There could be many reasons why these kinds of “policy” decisions are made, and these may have a sound operational basis, but compliance should also be a consideration. It is nevertheless a challenge that must addressed by all reporting entities, as innocuous decisions taken by one part of the organisation can have unintended consequences for the whole business if the views of all relevant stakeholders are not sought and understood.
The CBA case also highlighted what can happen when there are problems with the way information flows through an organisation. While CBA does not appear to have set out consciously to be non-compliant, in part, its organisational structure created barriers to effective information flow; in the author’s view, this contributed non-compliance. When regulators review such cases with hindsight they will often make assumptions about who knew what, when they knew it, and why actions were or were not taken.
Reporting entities should ensure that decisions are not made in isolation, whether that is by operations, compliance or even the business. In the author’s experience this is a real challenge, particularly for large or complex organisations which may have complex stakeholder models and devolved decision-making processes.
To counter this, reporting entities should map or understand the internal (and, where relevant, external) stakeholders involved in AML/CTF compliance across the organisation to ensure that any gaps that could contribute to non-compliance are identified and addressed.
Lesson five: Understand and manage the level of compliance within the organisation
Governance and assurance are important activities throughout a reporting entity, with responsibilities that flow all the way up to senior management and the board.
Governance is usually exercised by management and control functions, including the compliance function.

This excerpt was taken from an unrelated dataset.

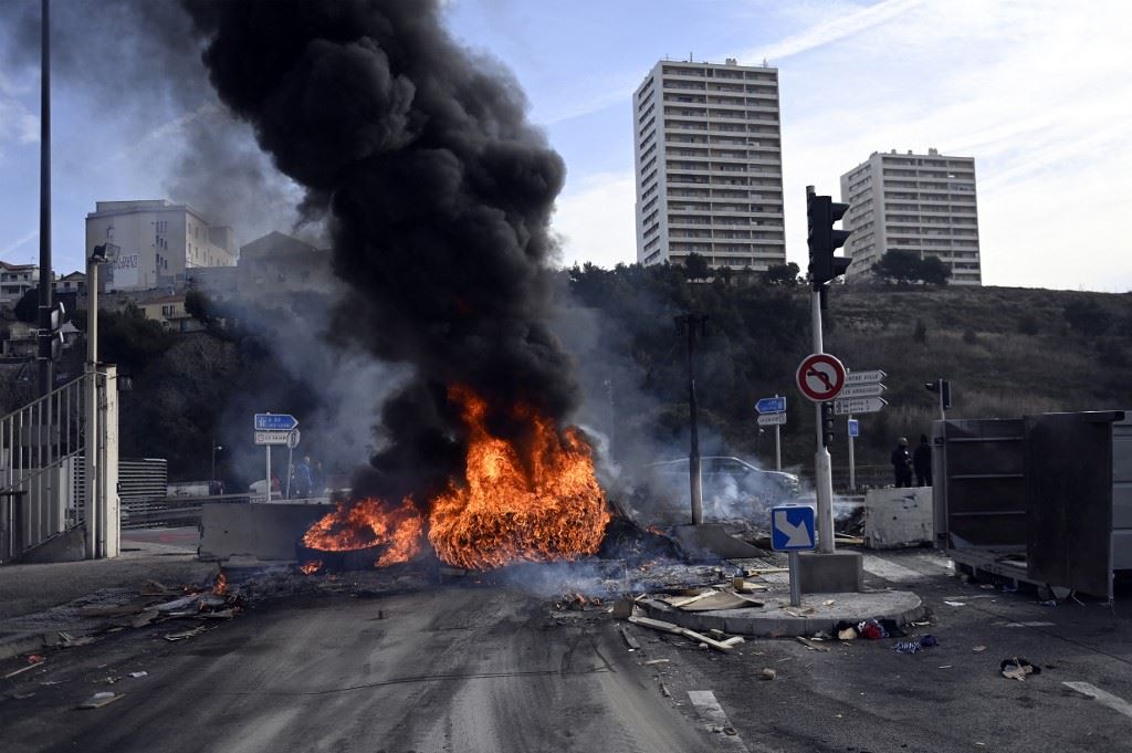 حريق مشتعل عند حاجز أقامه موظفون مضربون في حوض بناء السفن في مرسيليا خلال حصار كجزء من إجراء ضد إصلاح المعاشات التقاعدية (8 آذار 2023، أ ف ب).

Governance in AML/CTF terms means ensuring the risks are understood and the program is appropriate for the risks, as well as activities such as change management approval.
Assurance in its many forms, for example, testing and oversight, involves the conscious checking that systems and controls specified as part of the governance process are implemented, and that they operate effectively.
Reporting entities should ensure they have appropriate governance to reassure themselves that the program is, and continues to be, appropriate. They should also devise assurance activities to ensure systems and controls within the AML/CTF program are adequately implemented, and work as designed.
This is becoming increasingly important as the AML/CTF regime in Australia matures, and being able to demonstrate compliance is just as crucial as being compliant.
Lesson six: Non-compliance has real-world effects
“Compliance with the AML/CTF Act is a serious matter. Money laundering, terrorism financing and serious financial crime are very real issues with very real impacts on the lives of everyday Australians,” Rose said at the time of the CBA settlement.
The breaches agreed as part of the settlement directly contributed to criminals using CBA products and services to launder money, finance terrorism and commit other criminal acts including drug trafficking. At least $177 million of criminal activity using IDMs was identified.
This should act as a wake-up call for all reporting entities. While it is easy to get lost in the complexities of the CBA case, the simple truth remains that reporting entities have obligations under the AML/CTF Act to play their part in preventing, detecting and reporting crime. Where they fail to do that, and it can be proven that the failure is due to non-compliance, the CBA case has put them on notice that AUSTRAC will take action.
Neil Jeans was the expert witness for AUSTRAC in the recent civil litigation against Commonwealth Bank.